What this task involves = All of the entries need to be printed again exactly; pictures are the only thing to omit.

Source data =
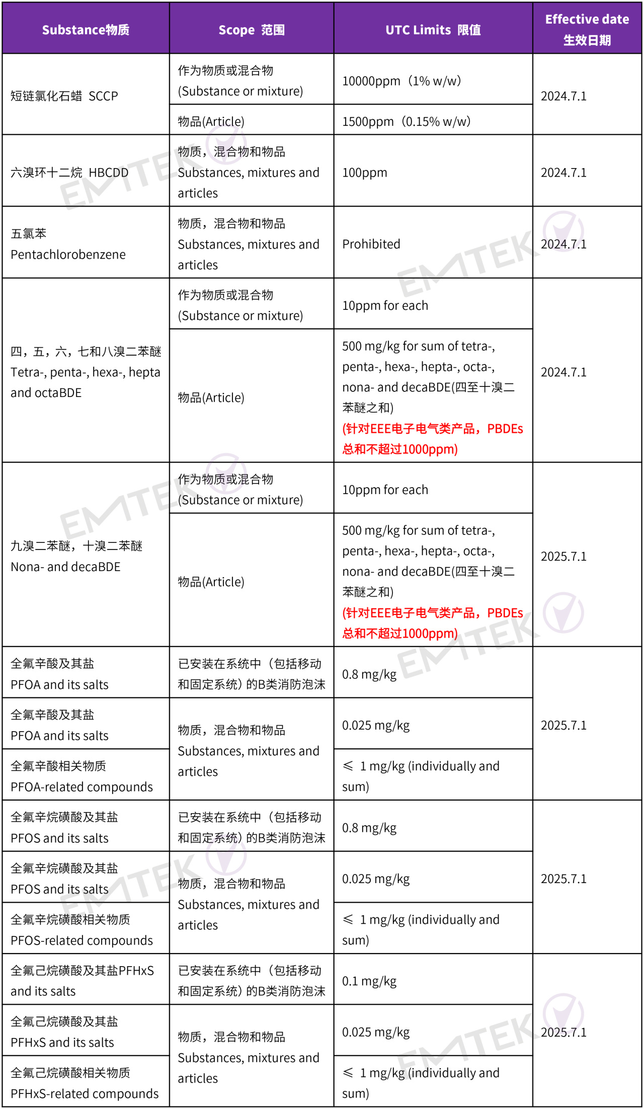 2023年12月12日,澳大利亞發(fā)布了2023年工業(yè)化學(xué)品環(huán)境管理(登記)修訂案,新增多種持久性有機污染物(POPs)于表6和表7中,限制這些POPs的使用,新增的限制將分別于2024年7月1日和2025年7月1日開始實施,更新后要求基本跟歐盟的POPs 法規(guī)一致除了個別要求。
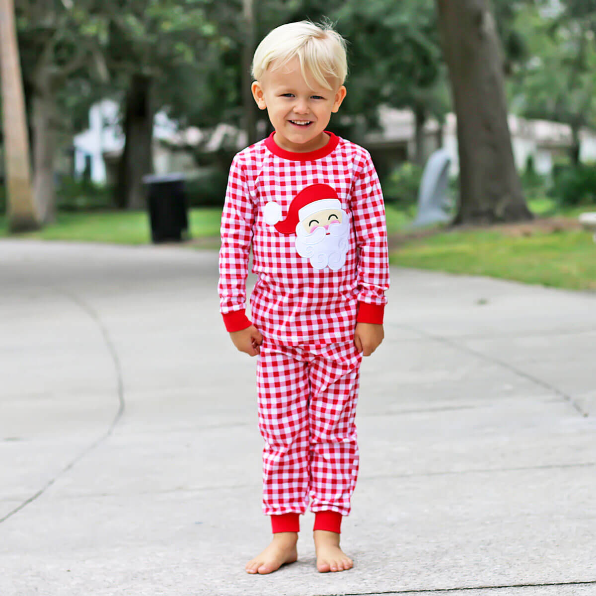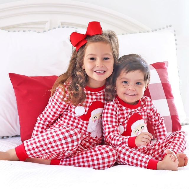 Get your little ones ready for Christmas morning with our Happy Santa Red Gingham Pajamas! These unisex Christmas PJs make it easy to match brothers and sisters, cousins, and friends for the coziest holiday of the year. Featuring a cheerful Santa appliqué on a soft red gingham print with festive red trim, these pajamas are perfect for capturing holiday memories. Add a monogram to personalize your Christmas look and make the season extra special!
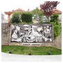 ゲルニカの街にある、パブロ・ピカソがドイツ空軍のコンドル軍団によって爆撃を受けたゲルニカの街を主題として1937年に描いた絵画の実物大タペストリー。 -
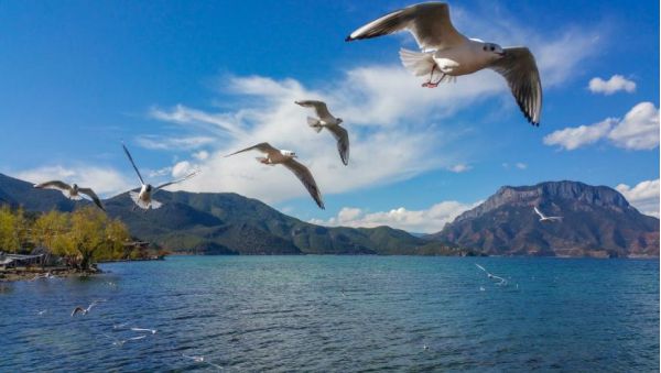 想要賞瀘沽湖日出美景的朋友今天就要起個(gè)早了哦,當(dāng)水天相接的地方閃現(xiàn)出第一縷光,金光便開(kāi)始爭(zhēng)相恐后地從平靜的湖面中躍出來(lái),打破瀘沽湖寧?kù)o的晨,直到這輪旭日完全沖破云層,晨曦播撒在這個(gè)世外桃源的湖面上、山坡上、草地上,柔和的光暈照亮了整個(gè)大地。靜謐生出熱鬧,黑夜誕出光明,瀘沽湖的日出就是如此壯觀。
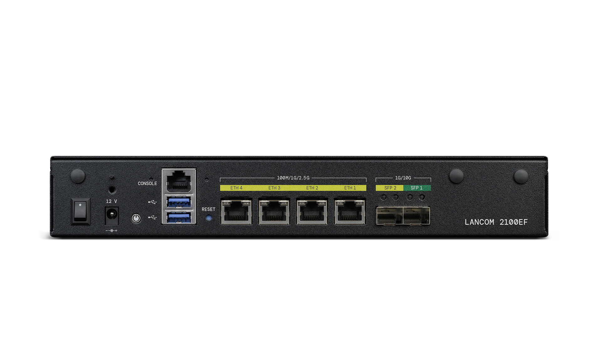 Profitieren Sie von Multi-Gigabit Highspeed-Internet Ihres Glasfaser­netzes: Der LANCOM 2100EF ist über einen der beiden 10 Gigabit SFP+-Ports sowie einem optionalen Modul, z. B. LANCOM SFP-XGSPON-1, perfekt für die XGS-PON-Glasfaser­technik geeignet. Mit dem zweiten SFP+-Port kann das Multi-Gigabit SD-WAN Gateway parallel Daten mit voller Geschwin­digkeit in das LAN verteilen, während über 2,5 Gigabit Ethernet beliebige externe Modems oder ein Multi-Gigabit Access Switch flexibel angebunden werden können. Für einen sicheren Netz­werk­zugriff im Büro, zu Hause oder unterwegs werden mit ausgezeich­netem LANCOM IPSec-VPN und SD-WAN 25 (optional 100) Standorte und mobile Mit­arbeitende sicher miteinander vernetzt. Mit der Einbindung des LANCOM 2100EF in die LANCOM Management Cloud (LMC) zentralisieren und automatisieren Sie dessen Management.
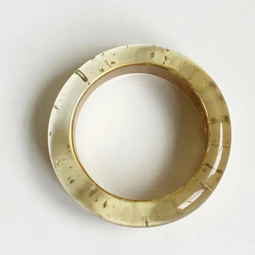 This chunky lucite bangle features suspended small gold flecks throughout, a matte gold coating on the interior of the band and an asymmetrical wavy shape. The bangle glows under black light. I'm not sure if the gold flecks are real gold so listing as gold tone flecks.
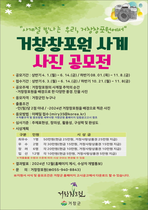 공모전 접수는 21일부터 11월 8일 18시까지 이메일(miry35@korea.kr)로 제출해야 하며, ‘거창창포원 사계절 추억의 순간’을 주제로 거창창포원을 배경으로 한 다양한 풍경 및 인물 사진을 제출하면 된다.
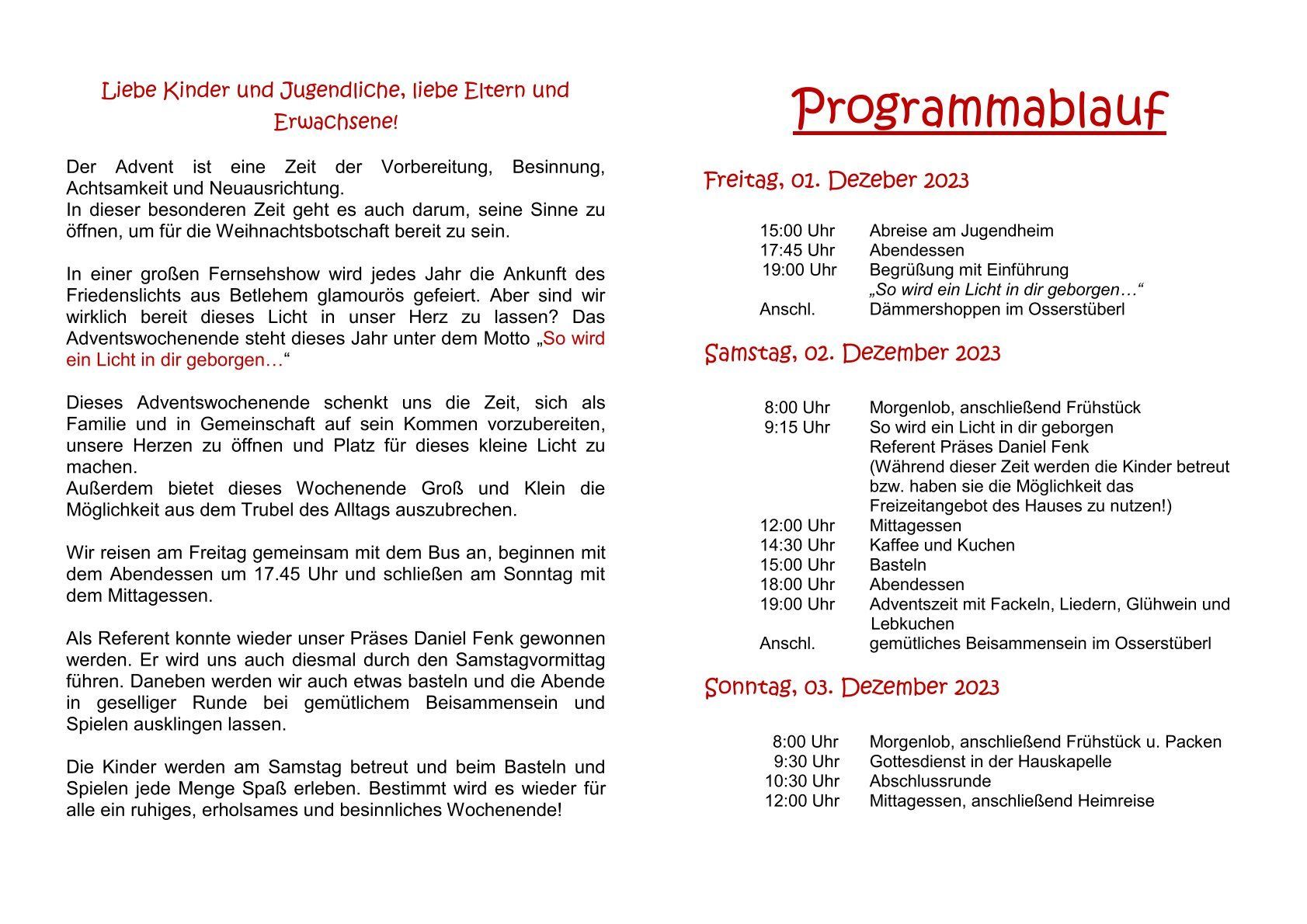 Adventswochenende für Familien vom 01. bis 03.12.2023 in Lambach

Answer to this task =
 2023年12月12日,澳大利亞發(fā)布了2023年工業(yè)化學(xué)品環(huán)境管理(登記)修訂案,新增多種持久性有機污染物(POPs)于表6和表7中,限制這些POPs的使用,新增的限制將分別于2024年7月1日和2025年7月1日開始實施,更新后要求基本跟歐盟的POPs 法規(guī)一致除了個別要求。
 Get your little ones ready for Christmas morning with our Happy Santa Red Gingham Pajamas! These unisex Christmas PJs make it easy to match brothers and sisters, cousins, and friends for the coziest holiday of the year. Featuring a cheerful Santa appliqué on a soft red gingham print with festive red trim, these pajamas are perfect for capturing holiday memories. Add a monogram to personalize your Christmas look and make the season extra special!
 ゲルニカの街にある、パブロ・ピカソがドイツ空軍のコンドル軍団によって爆撃を受けたゲルニカの街を主題として1937年に描いた絵画の実物大タペストリー。 -
 想要賞瀘沽湖日出美景的朋友今天就要起個(gè)早了哦,當(dāng)水天相接的地方閃現(xiàn)出第一縷光,金光便開(kāi)始爭(zhēng)相恐后地從平靜的湖面中躍出來(lái),打破瀘沽湖寧?kù)o的晨,直到這輪旭日完全沖破云層,晨曦播撒在這個(gè)世外桃源的湖面上、山坡上、草地上,柔和的光暈照亮了整個(gè)大地。靜謐生出熱鬧,黑夜誕出光明,瀘沽湖的日出就是如此壯觀。
 Profitieren Sie von Multi-Gigabit Highspeed-Internet Ihres Glasfaser­netzes: Der LANCOM 2100EF ist über einen der beiden 10 Gigabit SFP+-Ports sowie einem optionalen Modul, z. B. LANCOM SFP-XGSPON-1, perfekt für die XGS-PON-Glasfaser­technik geeignet. Mit dem zweiten SFP+-Port kann das Multi-Gigabit SD-WAN Gateway parallel Daten mit voller Geschwin­digkeit in das LAN verteilen, während über 2,5 Gigabit Ethernet beliebige externe Modems oder ein Multi-Gigabit Access Switch flexibel angebunden werden können. Für einen sicheren Netz­werk­zugriff im Büro, zu Hause oder unterwegs werden mit ausgezeich­netem LANCOM IPSec-VPN und SD-WAN 25 (optional 100) Standorte und mobile Mit­arbeitende sicher miteinander vernetzt. Mit der Einbindung des LANCOM 2100EF in die LANCOM Management Cloud (LMC) zentralisieren und automatisieren Sie dessen Management.
 This chunky lucite bangle features suspended small gold flecks throughout, a matte gold coating on the interior of the band and an asymmetrical wavy shape. The bangle glows under black light. I'm not sure if the gold flecks are real gold so listing as gold tone flecks.
 공모전 접수는 21일부터 11월 8일 18시까지 이메일(miry35@korea.kr)로 제출해야 하며, ‘거창창포원 사계절 추억의 순간’을 주제로 거창창포원을 배경으로 한 다양한 풍경 및 인물 사진을 제출하면 된다.
 Adventswochenende für Familien vom 01. bis 03.12.2023 in Lambach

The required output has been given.